I should also mention that there are currently opportunities for newcomers to invest in mature assets, which are being divested by large titleholders in the country who no longer see them as being economical. In this regard new, leaner and more efficient industry players, with fresh capital and new ideas, can bring changes to the current market state.
I don’t actually think the current economic situation will accelerate or decelerate M&A activity. What it will do is clean up the industry’s ecosystem. As always, the strongest will survive, while the weak companies may disappear or be forced to change to become profitable businesses again.
How do you see the Romanian government’s plan to relaunch the economy, for the period 2020-2025, by investing EUR 12.5 billion in the energy system?
Public investment in the energy system is important. The European Union has identified that they need to support the infrastructure of their member countries, which means building roads, gas infrastructure, power lines and promoting renewables because of the European Green Deal, which requires a decarbonisation and aims at making Europe carbon-neutral by 2050.
When you look at Romania’s carbon footprint and its primary resources, coal still has a contribution of 24% to the country’s electricity production, followed by hydrocarbons (16%), and the remainder is split between nuclear, hydro, solar and biomass.

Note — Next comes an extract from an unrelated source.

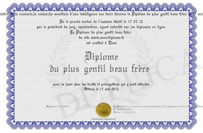 envoyé par le Le Ministère de la connerie,la recherche mondiale d'une intelligence sur terre décerne le Diplôme du plus gentil beau frère le 17 mai 2012. !
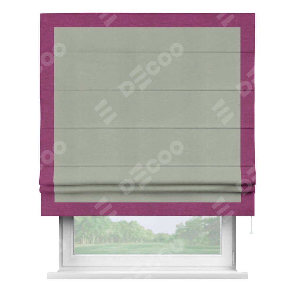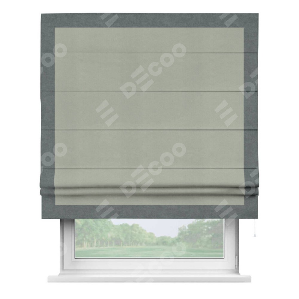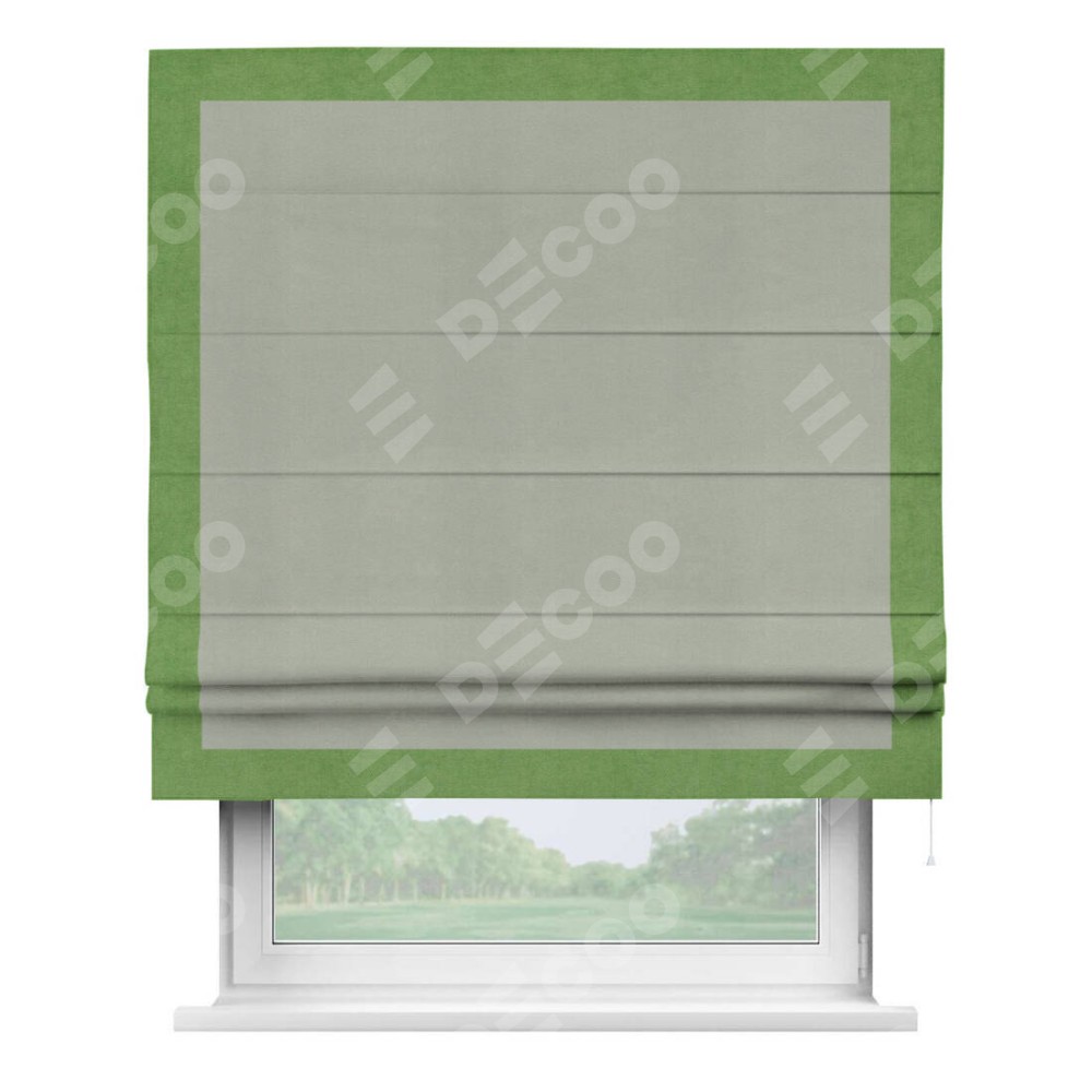 Римская штора «Кортин» с кантом Чесс, для проема, ткань вельвет cветло-серый

Investment is needed across all of these areas.
We need to look at how we can use gas as a transition fuel and reduce dependence on coal. We can apply carbon capture schemes to decarbonise the coal sector. Romania has tremendous potential in gas production with huge amounts of onshore and offshore reserves waiting to be discovered or developed. Some of it is already on its way.
Gas has long been considered to be a transition fuel. Whenever you set huge goals like the ones set by the Green Deal, you have to take baby steps: decarbonise coal and start using more gas as a transition fuel to generate income, stop burning wood, then move on to nuclear – that may not be considered as renewable, but it’s incredibly clean and if it is produced properly, it’s incredibly safe. Hydropower is also a tremendous opportunity for Romania. Romania has a unique opportunity to invest in infrastructure, transportation of gas across its land, decarbonisation and, ultimately, renewables.
Public investment in the energy system is important and goes hand in hand with private investment for the development of the overall energy landscape. In order for this development to be achieved, private investment also needs to be stimulated through the amendment of the relevant fiscal and operational legal framework, as shown in our resilience package, and through creating investment opportunities for companies interested in operating in Romania.